BUCCARELLI Edmondo

n. a Monteleone (oggi Vibo Valentia) (Catanzaro) il 18 dicembre 1914 (Wikipedia). Sottotenente s.p.e. (servizio permanente effettivo) fanteria, 3° reggimento fanteria.

Arruolatosi volontario nella legione allievi CC. (Carabinieri) nel febbraio 1933 e promosso vicebrigadiere nel luglio 1935, due anni dopo, il 23 ottobre 1937, rinunciando al grado, veniva ammesso all’Accademia Militare di Modena e nel settembre 1939 era promosso sottotenente in s.p.e. Dopo la Scuola di applicazione, ultimata nel 1940, a guerra già dichiarata, fu destinato alla compagnia mortai da 81 del 3° reggimento fanteria mobilitato con la quale partì il 28 settembre per l’Albania. Decedeva il 14 novembre nell’ospedale da campo n. 41 in Koritza per ferita riportata nel fatto d’arme dello stesso giorno su M. Bodorosh.
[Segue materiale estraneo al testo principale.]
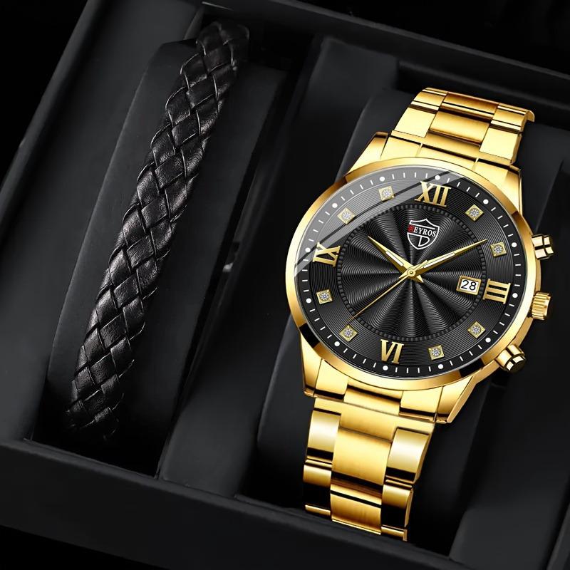2pcs/set, Men's Fashion Stainless Steel Quartz Watch & Analog PU Leather Bracelet Set, Men's Gifts — купить товар онлайн с бесплатной доставкой по всему миру!

Ufficiale di provata capacità e di elevato spirito patriottico e militare, comandante di un plotone mortai da 81 in rinforzo ad un battaglione attaccato da soverchianti forze avversarie, dirigeva il tiro delle sue armi con audacia e perizia particolari, causando ingenti perdite al nemico incalzante. Esaurite le munizioni di cui disponeva, valorosamente si portava sulla linea dei fucilieri, e, brandendo un fucile, con sprezzo del pericolo, incitava i fanti con le parole e l’esempio allresistenza, finché, colpito al petto da una pallottola avversaria, rimaneva mortalmente ferito. Ad un superiore che subito accorso al suo fianco cercava di porgergli conforto, esclamava con virile fermezza: Non sono persona che ha bisogno di conforto, so di morire e sono lieto di avere eseguito gli ordini del mio colonnello. Viva l’Italia. Fulgido esempio di fermezza d’animo, coraggio, spirito di sacrificio ed attaccamento al dovere. M. Bodorosh Q. Kazanit (Fronte greco), 14 novembre 1940.


Gruppo Medaglie d’Oro al Valore Militare, Le Medaglie d’oro al Valore Militare, volume primo (1929-1941), [Tipografia Regionale], Roma, 1965, p. 454.